ConocoPhillips's spinoff plan follows a similar move by Marathon Oil Corp. Shares in Houston-based Marathon have gained 23% since it announced its split on January 13 even as a new refining company with a market value of $14.4 billion was created.

(Click here for previous CSP Daily News coverage of the ConocoPhillips split. Andclick here for coverage of the Marathon split.)

BP shares are down 28% since the oil spill in the Gulf, compared with a 13% gain for shares of larger rival Royal Dutch Shell Plc over the same period.

BP spokesperson Robert Wine said the company has no plans to split up its downstream refining and marketing operations and upstream exploration business.

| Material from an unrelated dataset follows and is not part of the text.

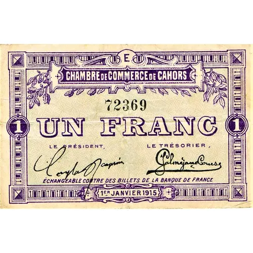 | Opis líce | E CHAMBRE DE COMMERCE DE CAHORS 72369 UN FRANC Le Président Le Trésorier Echangeable contre des billets de la Banque de France 1er JANVIER 1915 |

"The principle of a split deserves a good airing," Ivor Pether, a fund manager at Royal London Asset Management, told Bloomberg. "The U.S. government would block any such proposal while Macondo [oil spill] liabilities are outstanding, but there are enough notes out there on the possibility to merit a considered response."

"Conoco spinning out downstream activities keeps the debate going about the benefits of integration," Tim Mann, a fund manager at Legal & General Group Plc, told the news agency.

BP has spent more than a decade paring down its refining arm because of overcapacity in Europe and the United States, the report said. BP plants can process about 2.7 million barrels of crude a day, down from 3.2 million barrels in 2000. The proposed sale of two of its five U.S. refineries will subtract about another 700,000 barrels of capacity.

"Once they've sold Carson and Texas City, they won't have much refining left and it would be difficult to exit completely," Iain Armstrong, an analyst at London-based broker Brewin Dolphin, told Bloomberg. "Why not break up into various upstream businesses? Bob has steadied the ship, but it should be doing better than this."

Since taking over in October, Dudley has overseen the sale of $25 billion upstream assets in Argentina, Colombia, Pakistan and Vietnam and said he will focus the company on exploration. He signed a $7 billion deal with Reliance Industries Ltd. to explore offshore India. The proposed $8 billion tie-up with Rosneft to explore Russia's Arctic Kara Sea was blocked by the billionaire partners in the TNK-BP venture.

"Splitting up an oil company can make for quicker decision times as well as sharper capital and other resource allocation," Andrew Steinhubl, a partner at management consultant Bain & Co. in Houston, told the news agency. "Whether the model fits for the larger companies remains to be seen."

(Click here for previous coverage of BP breakup speculation.)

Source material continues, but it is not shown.